Hydrochlorothiazide had no adverse effects on the fertility of mice and rats of either sex in studies wherein these species were exposed, via their diet, to doses of up to 100 and 4 mg/kg, respectively, prior to mating and throughout gestation.
Pregnancy
Teratogenic effects
Pregnancy Category C.
Hydrochlorothiazide: Studies in which hydrochlorothiazide was
orally administered to pregnant mice and rats during their respective periods
of major organogenesis at doses up to 3000 and 1000 mg hydrochlorothiazide/kg,
respectively, provided no evidence of harm to the fetus. There are, however,
no adequate and well controlled studies in pregnant women.

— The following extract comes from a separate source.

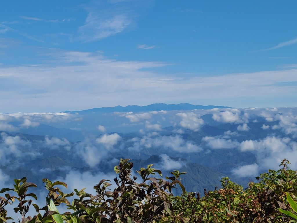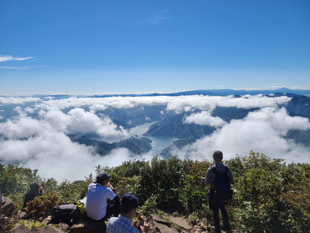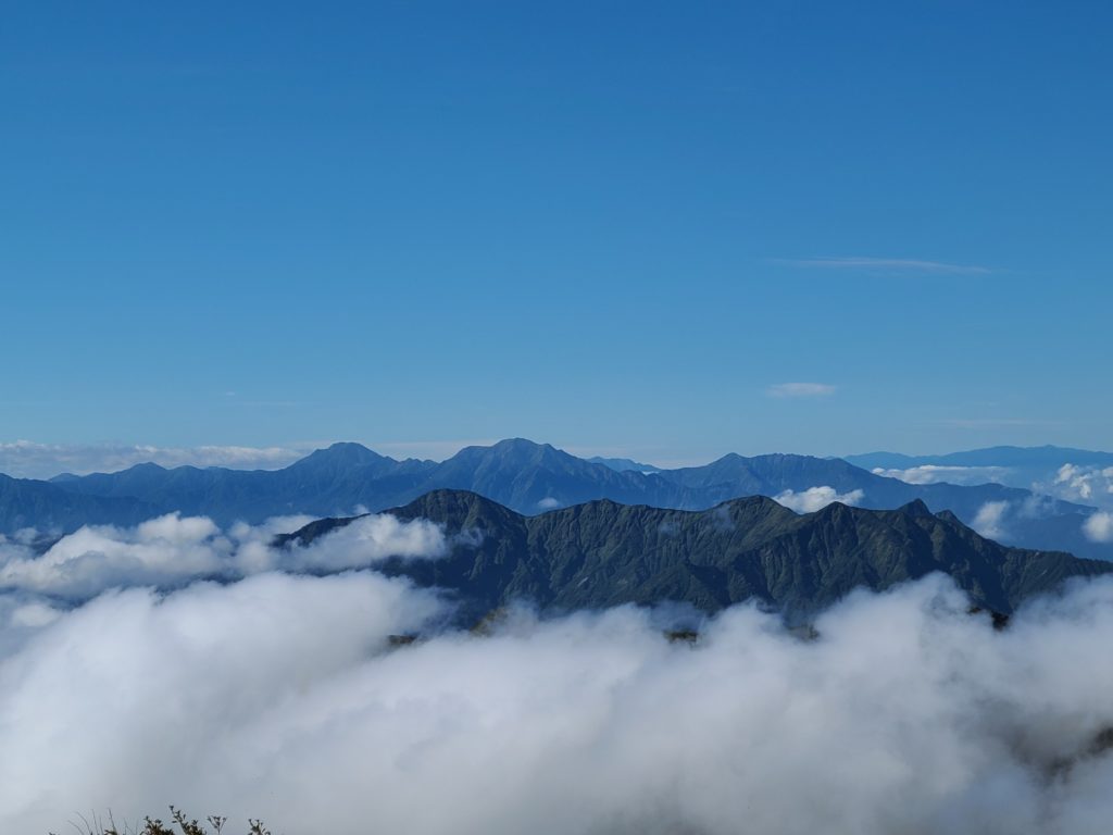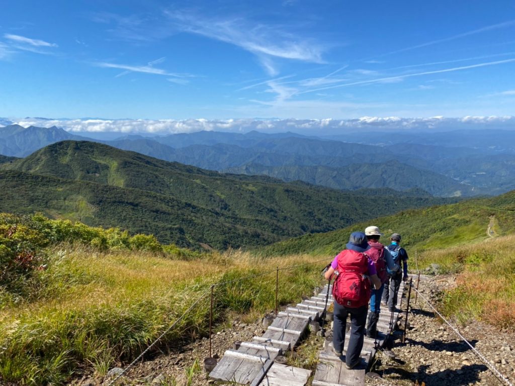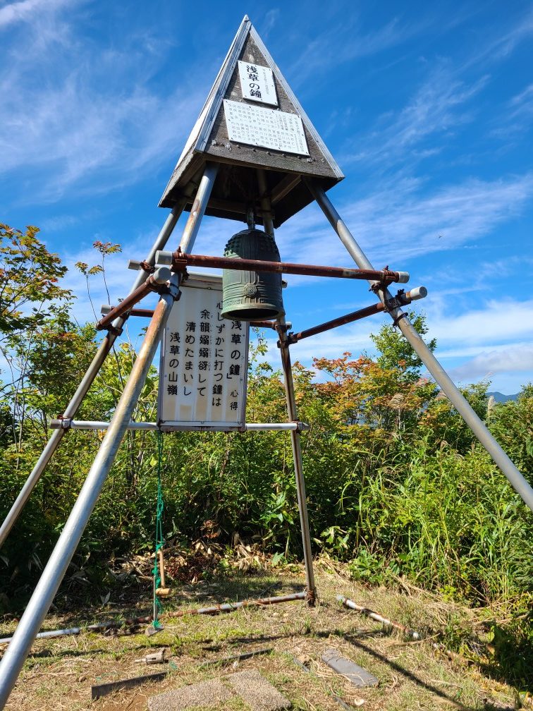 <詳細>先週の越後駒は暑さでばててしまいきつかったので、今回は軽めのコースを選択。24日夜ネズモチ平の広い駐車場に着くと誰もいない。このまま誰もいないわけないよねと言いながら就寝。朝起きて外を見ると反対側に1台だけ駐車していた。準備をしていると隣に停まった車がとちぎナンバーどちらから?と聞くと佐野市のとなり沢の方だった。登山道に入るとぬかるんでいて岩もあり滑らないように慎重に歩く。急坂を登り前岳の手前で視界が開け笹原の木道に出る。木道が斜めに傾いていて歩きづらかった。9時前に山頂に到着。雲海が広がり越後三山、守門岳、飯豊山、燧ケ岳等々360度の展望。山頂で1時間以上景色を眺めていた。下山は桜曾根、風が心地よく吹き展望を楽しみながら下山できるコース。桜ソネ広場手前に浅草の鐘があり心得「心しずかに打つ鐘は余韻嫋嫋谺して清めたまいし浅草の山嶺」とあった。各々が心に留めて鐘を打った。アスファルトの林道に出て駐車場まで戻った。駐車場は前夜が嘘のようにたくさんの車があった。入広瀬の寿和温泉(700円65以上400円)で汗を流し帰路についた。
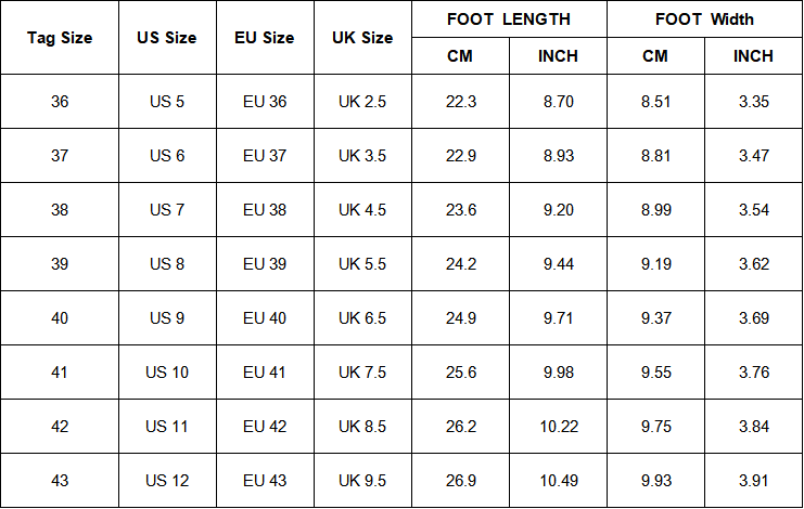 (*Shoes in order to prevent from walking easily fall off, the number of yards will be smaller, please consider choosing a larger size.)

Spironolactone: Teratology studies with spironolactone have been
carried out in mice and rabbits at doses of up to 20 mg/kg/day. On a body surface
area basis, this dose in the mouse is substantially below the maximum recommended
human dose and, in the rabbit, approximates the maximum recommended human dose.
No teratogenic or other embryo-toxic effects were observed in mice, but the
20 mg/kg dose caused an increased rate of resorption and a lower number of live
fetuses in rabbits. Because of its anti-androgenic activity and the requirement
of testosterone for male morphogenesis, spironolactone may have the potential
for adversely affecting sex differentiation of the male during embryogenesis.
When administered to rats at 200 mg/kg/day between gestation days 13 and 21
(late embryogenesis and fetal development), feminization of male fetuses was
observed. Offspring exposed during late pregnancy to 50 and 100 mg/kg/day doses
of spironolactone exhibited changes in the reproductive tract including dose-dependent
decreases in weights of the ventral prostate and seminal vesicle in males, ovaries
and uteri that were enlarged in females, and other indications of endocrine
dysfunction, that persisted into adulthood. There are no adequate and well-controlled
studies with Aldactazide in pregnant women. Spironolactone has known endocrine
effects in animals including progestational and antiandrogenic effects. The
antiandrogenic effects can result in apparent estrogenic side effects in humans,
such as gynecomastia. Therefore, the use of Aldactazide in pregnant women requires
that the anticipated benefit be weighed against the possible hazards to the
fetus.
Non-teratogenic effects: Spironolactone or its metabolites may,
and hydrochlorothiazide does, cross the placental barrier and appear in cord
blood. Therefore, the use of Aldactazide in pregnant women requires that the
anticipated benefit be weighed against possible hazards to the fetus. The hazards
include fetal or neonatal jaundice, thrombocytopenia, and possibly other adverse
reactions that have occurred in adults.
Nursing mothers
Canrenone, a major (and active) metabolite of spironolactone, appears in human
breast milk. Because spironolactone has been found to be tumorigenic in rats,
a decision should be made whether to discontinue the drug, taking into account
the importance of the drug to the mother. If use of the drug is deemed essential,
an alternative method of infant feeding should be instituted.
Pediatric use
Safety and effectiveness in pediatric patients have not been established.